More than the actual quantum of leakages—which are large anyway—the benefits of social welfare programmes are lost because of poor targeting. The result is a combination of inclusion and exclusion errors. A study by the Accountability Initiative, Centre for Policy Research, finds that in the fiscal year 2010-11, the four states of Uttar Pradesh, Bihar, West Bengal and Madhya Pradesh, accounting for 59% of the total rural BPL (below poverty line) population, could avail of only 34% of total person-days employment generated under the Mahatma Gandhi National Rural Employment Guarantee Scheme (MGNREGS). In the same year, Andhra Pradesh and Tamil Nadu, together home to only 8% of the rural BPL population, generated 23% of person-days of employment. The extent of leakages and inefficient targeting warrant the intervention of technology.
Reforming the state delivery systems and checking corruption using conventional means in large states such as Uttar Pradesh and Bihar with entrenched vested interests is easier said than done. On the other hand, technology-enabled solutions can help not just plug leakages in laggard states, but lower the enduring leakages in better-performing states as well.

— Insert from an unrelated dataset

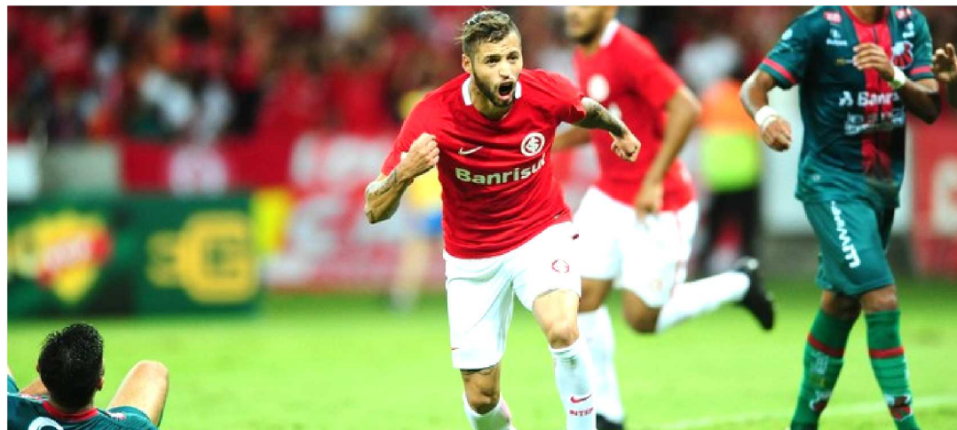
O INTERNACIONAL VEM DE BOA APRESENTAÇÃO DIANTE DO FLA E VAI PRA CIMA DO VERDÃO

Palmeiras e Internacional vão duelar neste sábado pela terceira rodada do Campeonato Brasileiro da Série A edição 2019. O encontro será realizado a partir das 19h (horário de Brasília) no Estádio Allianz Parque, em São Paulo. Embora para os dois times o torneio continental seja prioritário, ambos estão classificados para as oitavas de final de final da competição. O Palmeiras em princípio, indicou a possível escalação de um time de reservas no duelo de hoje, apesar de não mostrar um bom futebol na quarta-feira, 1º de maio, ao enfrentar o CSA. Com ela, o Palmeiras ficou no empate por 1 a 1, em Maracaná. O treinador até havia declarado que iria promover o revezamento no elenco, mas surpreendeu ao trocar todo o time.

Another argument against cash transfers is that there are fewer bank branches than other means of availing benefits, say PDS shops. It is nobody’s argument that PDS shops will be replaced by cash transfers without adequate support systems. The government has made it clear that it intends to shift to cash-based transfers with the help of the JAM trinity—Jan-Dhan Yojana, Aadhaar and Mobile. The revolutionary spread of mobile phones in India offers an unprecedented opportunity for redesigning state delivery mechanisms. Governments across the developing world are now using mobile phones to deliver state services.

A last argument against cash transfer is against cash itself. Replacing food, for instance, with cash is deemed as abstinence by government from providing the essential goods and services. To the contrary, cash empowers the beneficiaries to make their own choices. The last thing a government should do is to behave as a nanny to its poor citizens and dictate their choices. A related argument is that the beneficiaries will squander the cash on liquor and drugs. Multiple studies dispel this apprehension. An analysis of 19 studies across the world by David Evans and Anna Popova of the World Bank did not find cash transfers leading to any statistically significant increase in spending on alcohol or tobacco.

Meanwhile, in India, the Supreme Court as well as a number of activists have raised concerns over the possible breach of privacy with en masse collection and storage of biometric information. Indeed, the government should address the privacy concerns by introducing an appropriate legislation. Most of the other criticisms of cash transfer, however, fall flat on closer scrutiny. The Supreme Court has, for now, allowed the use of Aadhaar cards for MGNREGS, Jan-Dhan Yojana, pension and provident fund schemes, along with subsidy transfer for foodgrains, kerosene and cooking oil. The government should persist with efforts to broaden its ambit, as it is a goal worth pursuing.